When the records are reproduced, each one must match exactly, and no picture may be kept.

------------------------------------------------------------

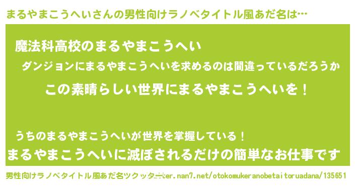 | 女子向けラノベタイトル風あだ名 | 『乙女ゲームの破滅フラグしかない悪役まるやまこうへいに転生してしまった…』 |
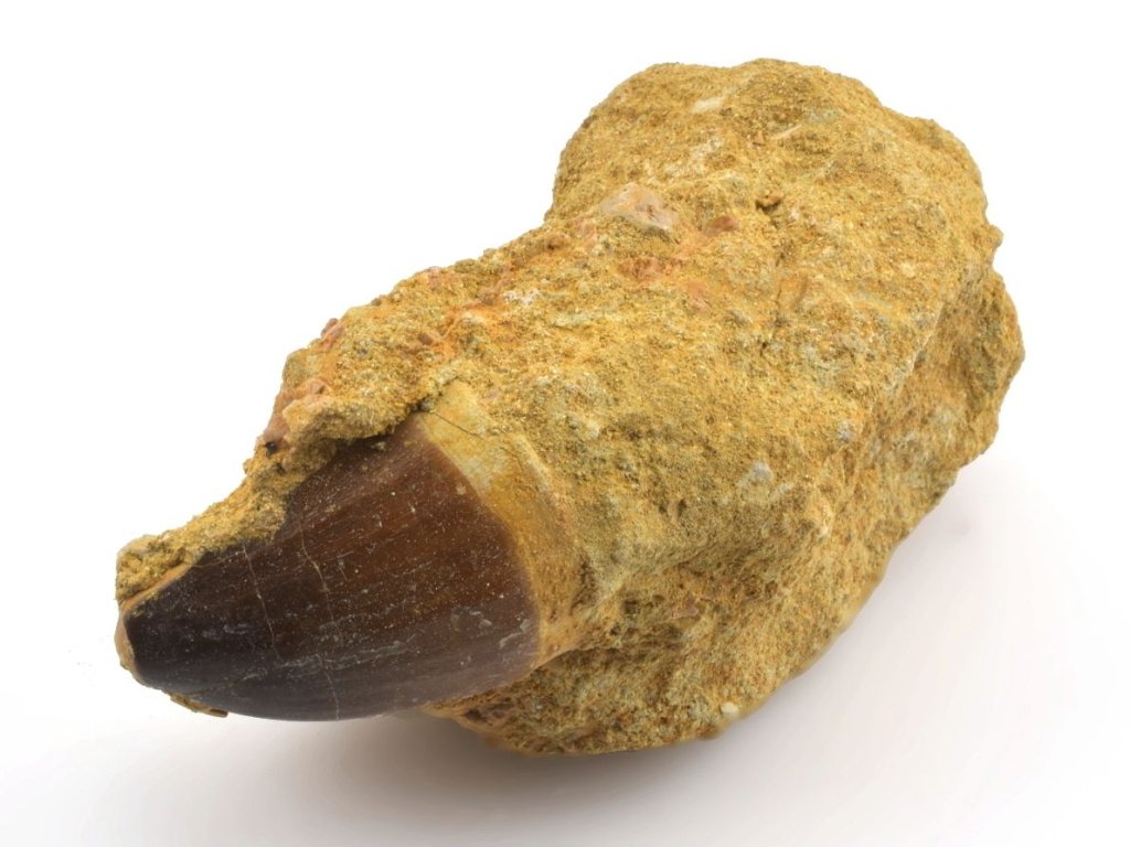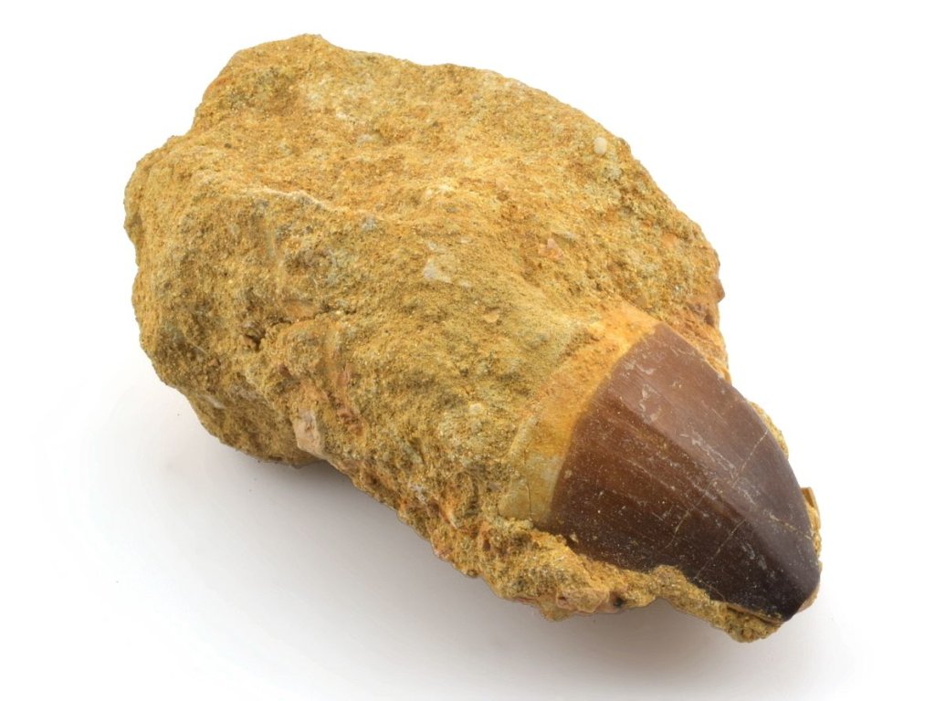 Zkamenělý zub na hornině je cennějším než běžně prodávané volné zuby. Pro sběratele fosilií je takový exemplář atraktivní možností získat vzorek, který zachycuje část dávno zaniklého ekosystému.
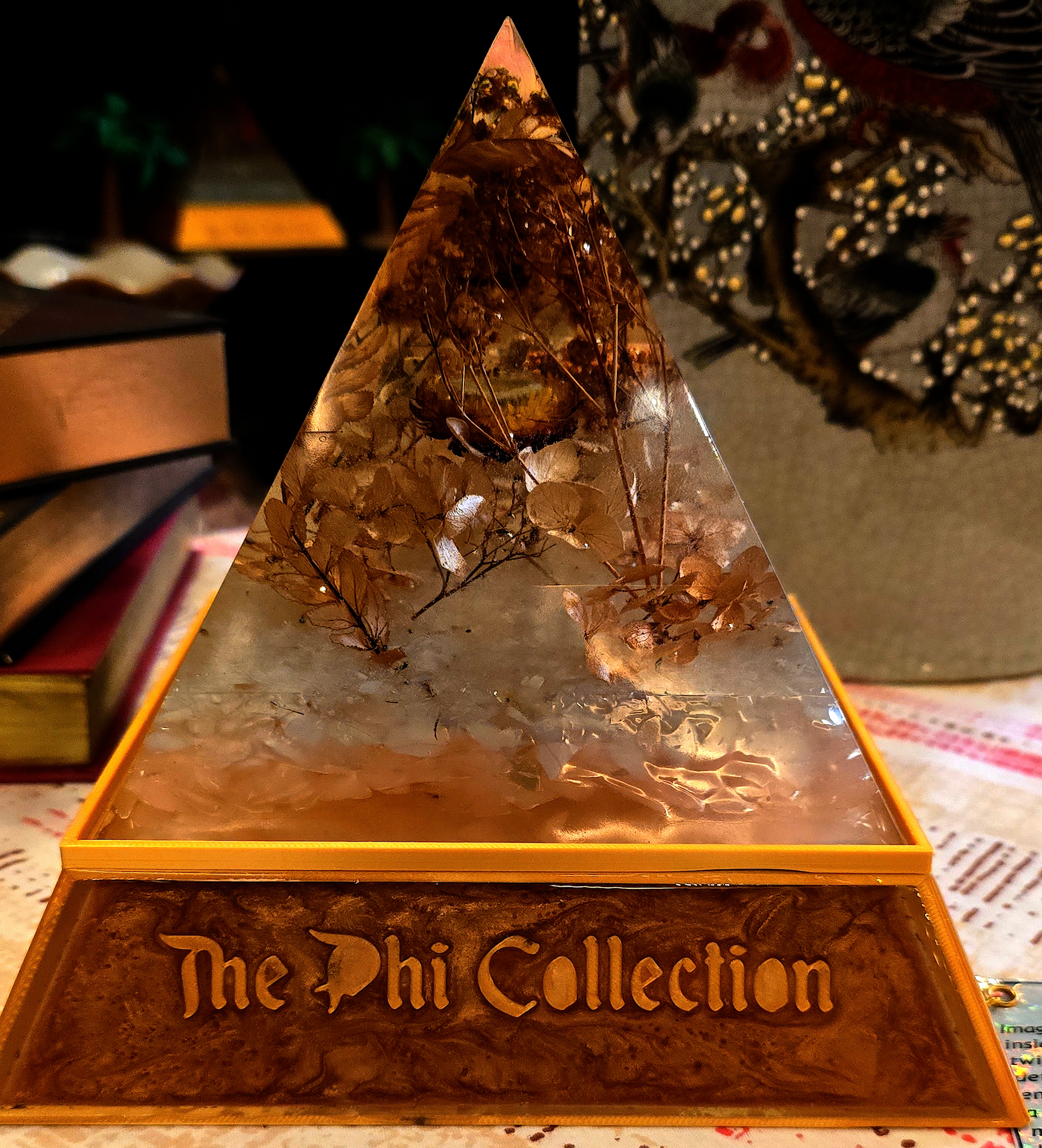 Imagine a funky forest captured inside a resin pyramid—tiny trees, twisting vines, and playful woodland details frozen in crystal clarity. The environment feels alive, almost like a miniature world, made even more magical with a choice of colourful lighting that shifts the mood: soft greens for a mystical glow, deep purples for a dreamlike atmosphere, or vibrant blues and pinks for a surreal, otherworldly vibe.
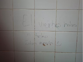 “Tiroteo 17/04/26. No venir por favor”, dice el mensaje escrito a mano en la pared de un baño del colegio Perpetuo Socorro.
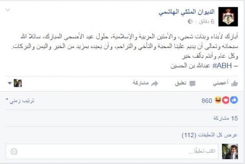 الملك يبارك للشعب الأردني بحلول عيد الأضحى المبارك11-09-2016 07:39:28 -
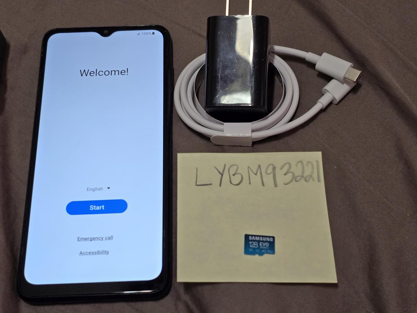 Includes 128GB Samsung Evo Select microSD card, generic AC adapter and generic USB charging cable.

------------------------------------------------------------

Answer section —
 | 女子向けラノベタイトル風あだ名 | 『乙女ゲームの破滅フラグしかない悪役まるやまこうへいに転生してしまった…』 |
 Zkamenělý zub na hornině je cennějším než běžně prodávané volné zuby. Pro sběratele fosilií je takový exemplář atraktivní možností získat vzorek, který zachycuje část dávno zaniklého ekosystému.
 Imagine a funky forest captured inside a resin pyramid—tiny trees, twisting vines, and playful woodland details frozen in crystal clarity. The environment feels alive, almost like a miniature world, made even more magical with a choice of colourful lighting that shifts the mood: soft greens for a mystical glow, deep purples for a dreamlike atmosphere, or vibrant blues and pinks for a surreal, otherworldly vibe.
 “Tiroteo 17/04/26. No venir por favor”, dice el mensaje escrito a mano en la pared de un baño del colegio Perpetuo Socorro.
 الملك يبارك للشعب الأردني بحلول عيد الأضحى المبارك11-09-2016 07:39:28 -
 Includes 128GB Samsung Evo Select microSD card, generic AC adapter and generic USB charging cable.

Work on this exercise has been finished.